Given records START

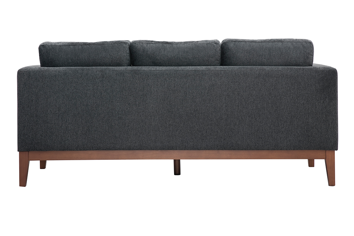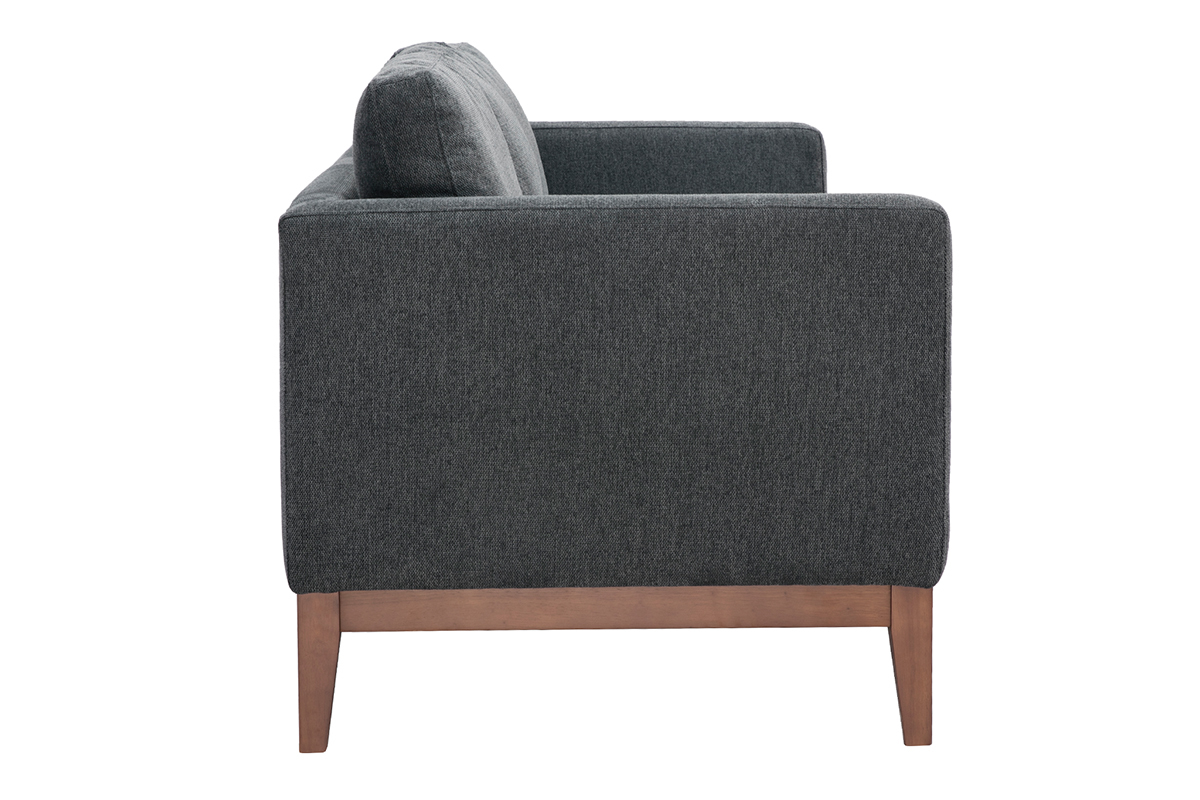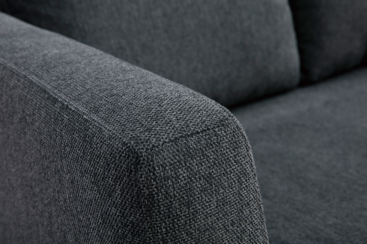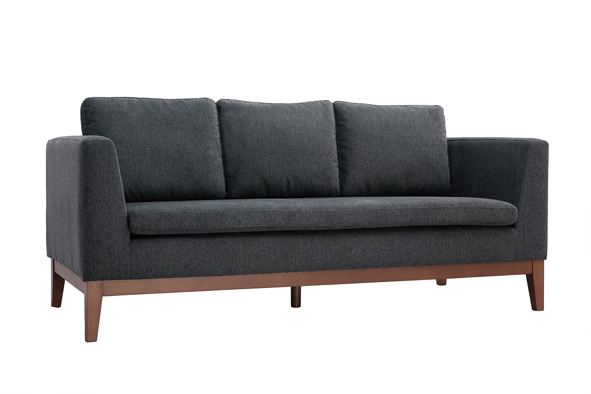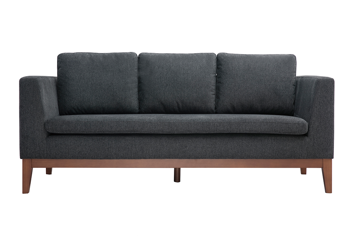 Ce canapé 3 places arbore des lignes essentielles sans aucun superflu. Un exercice d'équilibre et de retenue parfaitement mis en valeur par des finitions soignées. La structure apparente en hévéa teinté noyer renforce l'esthétique minimaliste du canapé tandis que le joli tissu effet velours texturé gris foncé (100% polyester) nous enveloppe de sa douceur.
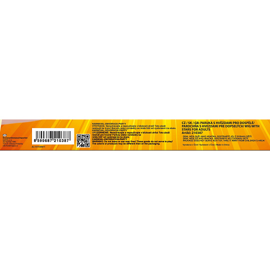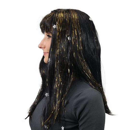 Karnevalová paruka v černé barvě je zdobená zlatými vlásky a stříbrnýma hvězdičkama. Perfektní doplněk na karneval nebo párty!
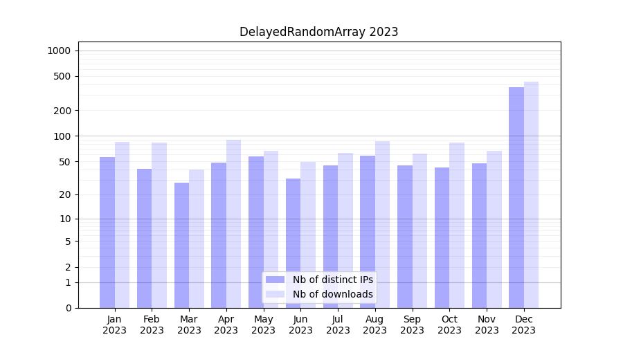 DelayedRandomArray_2023_stats.tab| Month | Nb of distinct IPs | Nb of downloads |
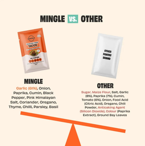 Mingle's Recipe Bases redefine healthy eating, offering delicious meals like tacos and curries in under 30 minutes. These gluten-free, plant-based, and lower-sodium blends are packed with all-natural spices, making healthy, mouth-watering meals incredibly easy.
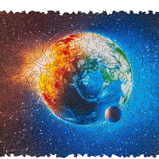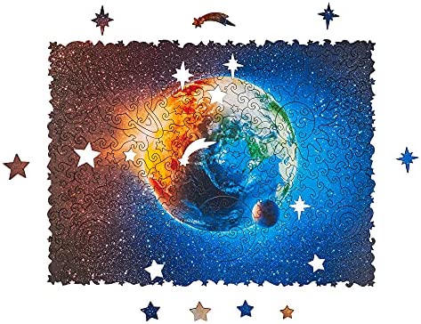 Unidragon Wooden Puzzle Jigsaw, Best Gift for Adults and Kids, Unique Shape Jigsaw Pieces Space Planet Earth, 12.2 x 9 inches, 250 pieces, Medium
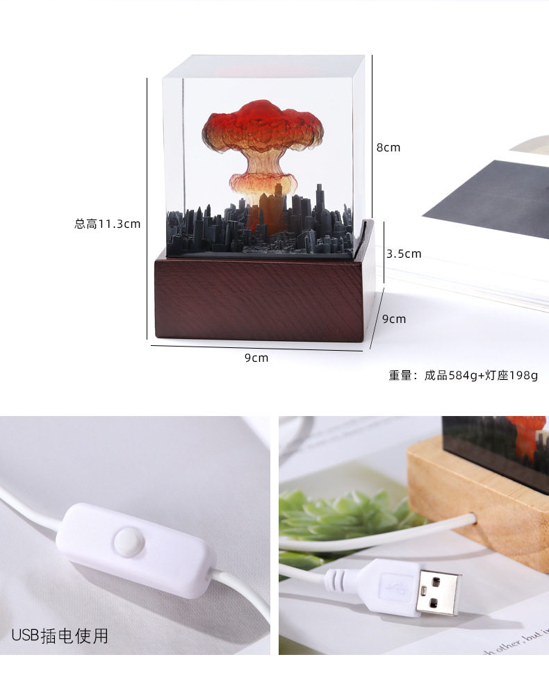 mushroom cloud small night lamp atomic bomb room decoration e-sports desktop ornaments glowing ambience light nuclear explosion
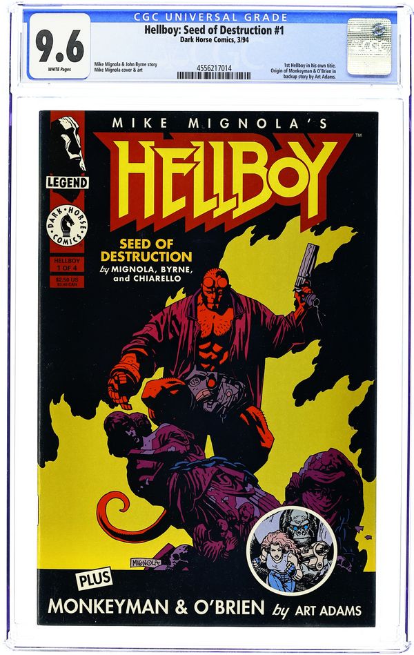 Written by Mike Mignola and John Byrne. Art by Mike Mignola. Hellboy bursts onto the film noir monster detective scene. From his apocalyptic origin in WWII England to the modern-day case of the sole survivor of a doomed Arctic expedition, Hellboy must battle vampire frog creatures and worse in his debut miniseries. Created by Mike Mignola, with script by John Byrne, and colors by Mark Chiarello. Hellboy -- World's Greatest Paranormal Investigator. Also featuring chapter one in the astounding origin of Monkeyman and O'Brien, the most dynamic duo since a talking scientific genius (who also happens to be an ape) and a beautiful, super-strong blonde (who also happens to be a scientist) teamed up to battle extra-dimensional menaces while looking for a way to return Monkeyman to his home dimension! Story and art by Arthur Adams. 32 pages, FC. Cover price $2.50.
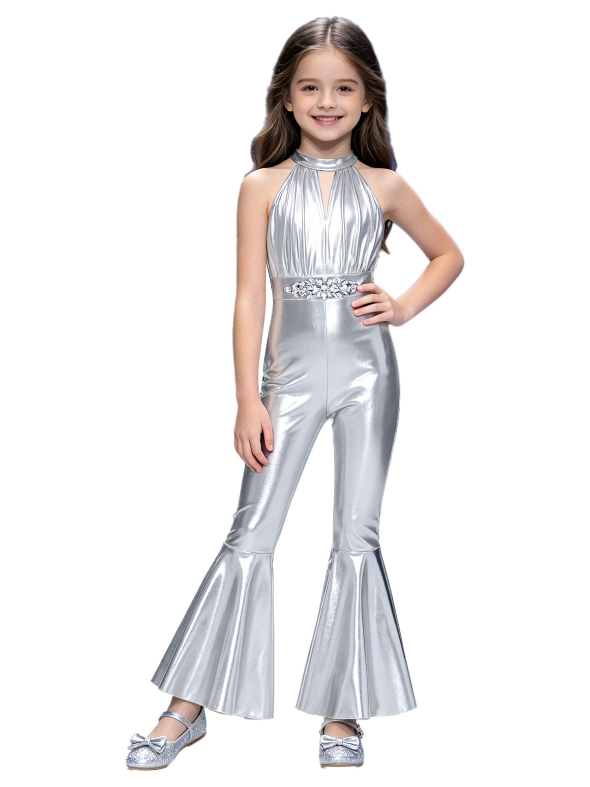 как выглядит Kids Girls Leotard Dance Rompers Wedding Jumpsuit Stage Metallic Rhinestone фото
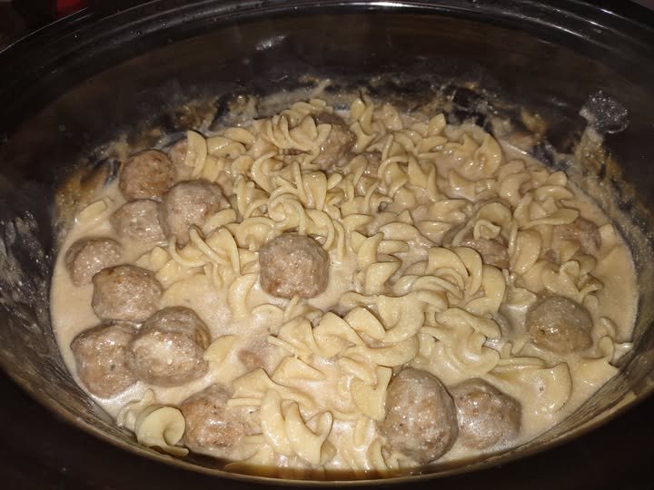 Creamy, dreamy sauce: The combination of cream of mushroom soup, sour cream, and beef broth creates a rich, velvety sauce that coats every meatball and noodle perfectly.

Given records END

Exercise prompt
Copy nothing but the lines from the top of the data down to the line containing "DelayedRandomArray_2023_stats.tab| Month |", and leave the pictures out.

Task output
 Ce canapé 3 places arbore des lignes essentielles sans aucun superflu. Un exercice d'équilibre et de retenue parfaitement mis en valeur par des finitions soignées. La structure apparente en hévéa teinté noyer renforce l'esthétique minimaliste du canapé tandis que le joli tissu effet velours texturé gris foncé (100% polyester) nous enveloppe de sa douceur.
 Karnevalová paruka v černé barvě je zdobená zlatými vlásky a stříbrnýma hvězdičkama. Perfektní doplněk na karneval nebo párty!
 DelayedRandomArray_2023_stats.tab| Month | Nb of distinct IPs | Nb of downloads |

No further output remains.